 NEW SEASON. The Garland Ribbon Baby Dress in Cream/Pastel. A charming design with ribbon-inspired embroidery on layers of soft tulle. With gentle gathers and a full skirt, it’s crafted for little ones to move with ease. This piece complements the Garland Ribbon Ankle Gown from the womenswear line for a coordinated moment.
* * *
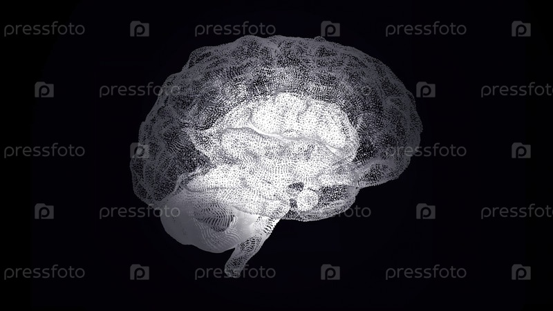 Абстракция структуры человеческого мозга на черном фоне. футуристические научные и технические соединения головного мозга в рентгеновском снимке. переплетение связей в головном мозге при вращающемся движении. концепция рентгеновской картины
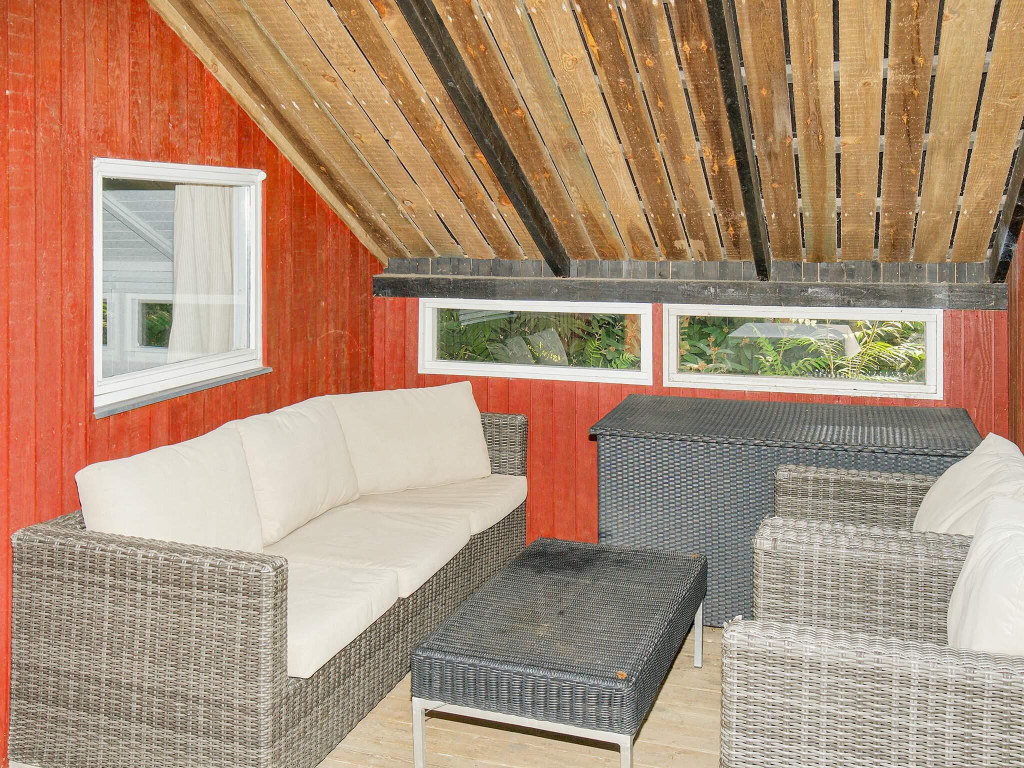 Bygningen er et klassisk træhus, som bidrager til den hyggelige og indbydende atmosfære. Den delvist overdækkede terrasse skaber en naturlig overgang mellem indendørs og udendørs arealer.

## What is expected
What is needed is an exact copy of the lines above from the one with "Абстракция структуры человеческого" to the one with "Bygningen er et", both ends kept, and nothing more; please leave the pictures out.

## Answer for the task
 Абстракция структуры человеческого мозга на черном фоне. футуристические научные и технические соединения головного мозга в рентгеновском снимке. переплетение связей в головном мозге при вращающемся движении. концепция рентгеновской картины
 Bygningen er et klassisk træhus, som bidrager til den hyggelige og indbydende atmosfære. Den delvist overdækkede terrasse skaber en naturlig overgang mellem indendørs og udendørs arealer.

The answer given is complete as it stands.